The way my heart skipped a beat when she walked in, and I saw all those men's eyes turn to her, shocked at the gall of such a woman, and I flipped over so much in love with her – still. And I knew I loved her like I would never love another. And I was so pleased with myself that she saw me perform so well, figured I was shining in her eyes… I momentarily forgot that I had broken both of our hearts. And there is an irony to this tale, because I have discovered that in finding her imperfection she is even more perfect, for it is this very thing that is essential in making her real. And the impossibility of her perfection for me somersaults away, end over end, making sense and then not making sense. And I know only one thing, we were meant to be. I was right, she is the one for me.

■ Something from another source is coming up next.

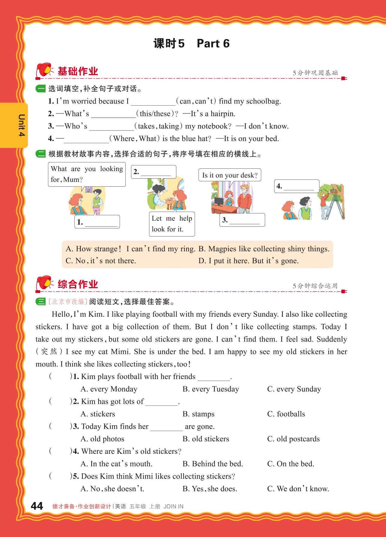 2024秋上册五年级英语剑桥版 Unit 4—课时 5 Part 6

I am fighting such a strong urge to march right over to her home and declare my love – tell her how stupid I have been. Beg for her to take me back. It's past midnight you daft old bugger, I hear the Inspector's voice in my head. I'll do it tomorrow. Invite her to the battery exhibit. And thank her for helping with the ruse to identify George's real mother… perfect!

He closed the plain, brown journal and said, eyes still down on the book, "Well, we both know how perfect that plan turned out to be." William lifted his eyes to meet those of his wife and offer her his wrinkled face in apology and admission. Delightfully, she giggled.

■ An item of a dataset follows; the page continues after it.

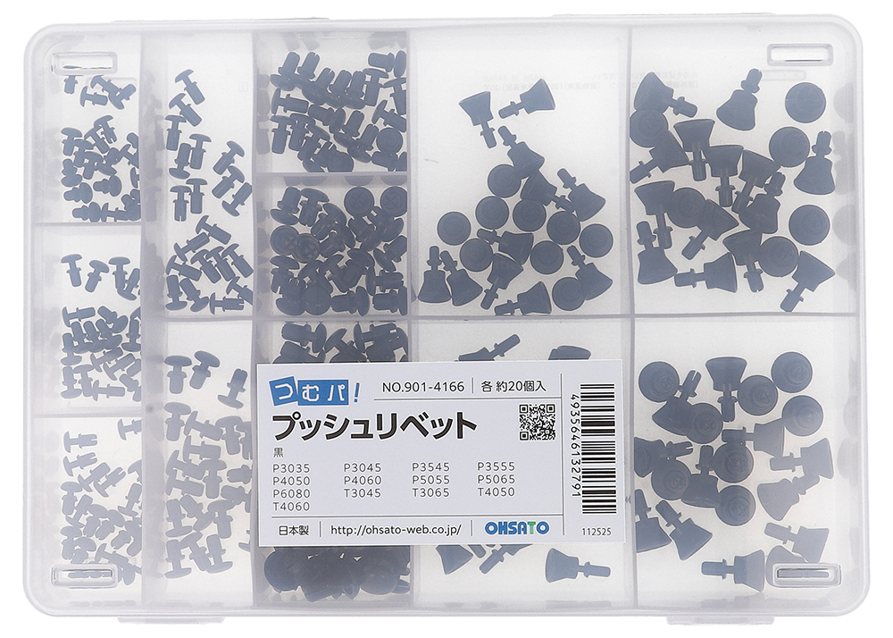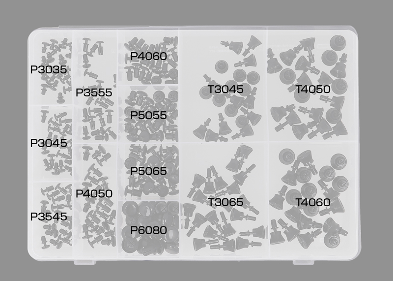 つむパ!シリーズ【プッシュリベット / 黒】 商品特徴 Pタイプ:リベットの頭部を押し込むことで脚が開き、薄板などを締結します。Tタイプ:指で簡単に締結・取り外しが行えるリベットです。 内容詳細 材質:6ナイロンカラー:黒 ・Pタイプ 3035・Pタイプ 3045・Pタイプ 3545・Pタイプ 3555・Pタイプ 4050 ・Pタイプ 4060・Pタイプ 5055・Pタイプ 5065・Pタイプ 6080・Tタイプ 3045 ・Tタイプ 3065・Tタイプ 4050・Tタイプ 4060 各 約20個入

Now it was her turn to put his journal aside and treat his wounds. "Husband," she started, crawling on top of him as he had done to her earlier, "You could not have known that I had collapsed into self-loathing and become blinded by my imagining that you thought badly of me."

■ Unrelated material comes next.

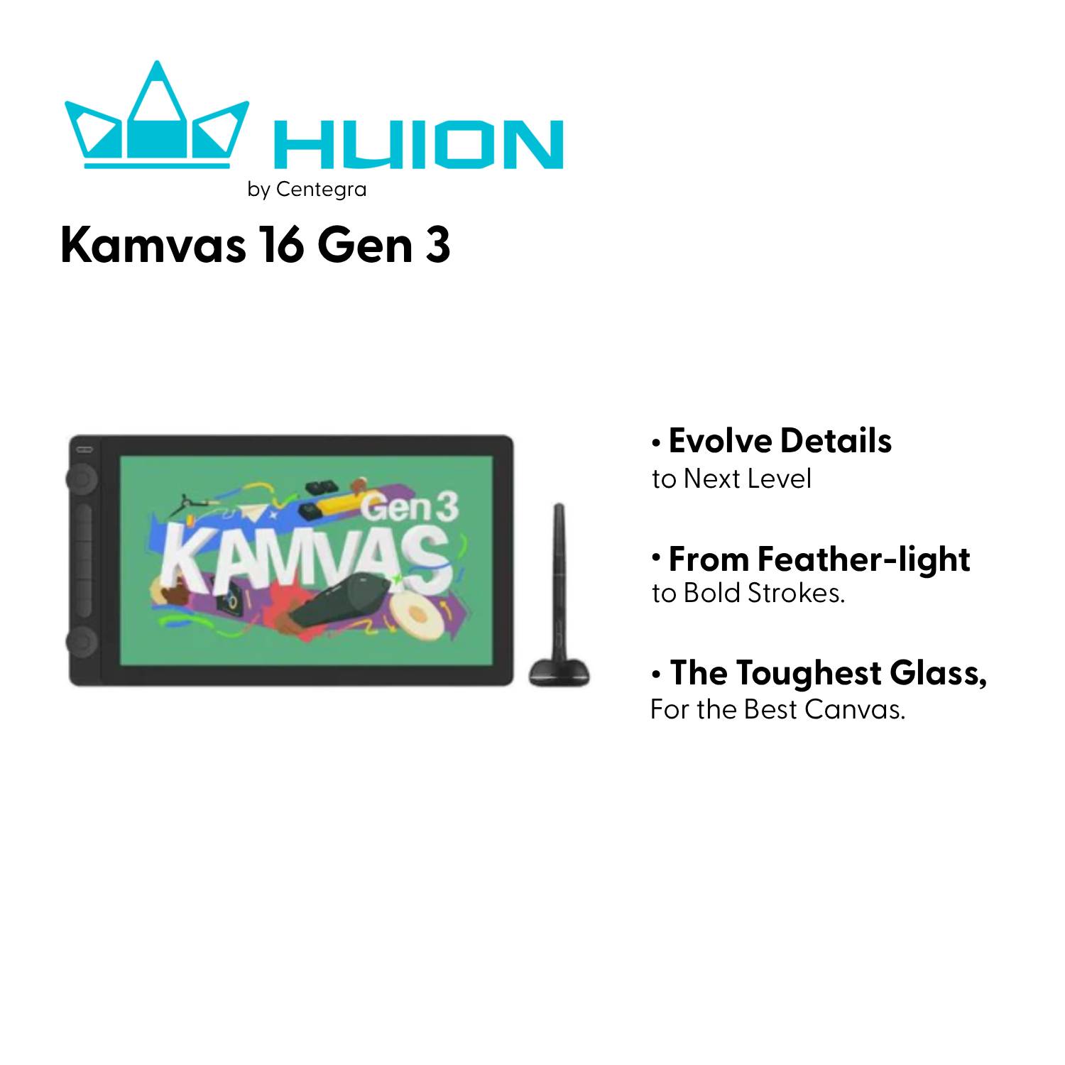 Make Progress, Make a Pro Kamvas 16 (Gen 3), The Best Match of Size and Resolution. The First Step in Drawing, The Beautiful Color. Ensuring Accurate Color Display.

Welcomingly, he pulled her into his lap tighter and agreed, "No, I could not." He played with her curls and went on, "How much I wish I had given in to the urge to go to you right then. Perhaps it was not too late?" he asked.

"Midnight? That is quite late," she teased. Changing to a more thoughtful tone, she said, "Perhaps, such a pouring out of your heart would have convinced me then, but I had walked away from the park bench… where I had told you about my abortion, I got up off of that bench, William, believing you were disgusted by me. That idea was in my head before your lecture at the university. It would have taken quite a bit to get it out," she explained. "I don't think I actually did get that thought out of my head completely until what you said to me just now, about thinking I was kind and good… back then," she added.

He nodded. Still, he wished he had tried.

Julia's thoughts had moved forward. She shared, "I think that's why I felt I deserved the suffering that seeing you with another woman caused me." She tightened her lips, reacting to the bad taste of the memory in her mouth. She paused, his eyes intensely present with her, compassionate, wondering.

"William, I truly don't know how I remained standing, kept breathing, with the pain I felt when I saw you standing there with Mrs. Jones through your office window. It completely knocked me over, knocked the breath out of me," she told him. William wrinkled his mouth with regret. Julia reached out and rubbed his chest. Let her eyes drop away and admire him. "I have you now," she reassured herself.

"You had me then," he corrected, "It's just that neither of us knew it."

"True," she agreed with a tiny smile, and a cocky glance.

He reached over and turned out his lamp. She crawled off of him and turned out hers as well. They found each other again in the darkness and she nestled into her spot resting her head on his chest, and all was well as his heartbeat thumped in her ear and she rode the waves of his breaths. It turns out that there was much to be learned from that lecture, so many years ago, much learning from the lecture, indeed.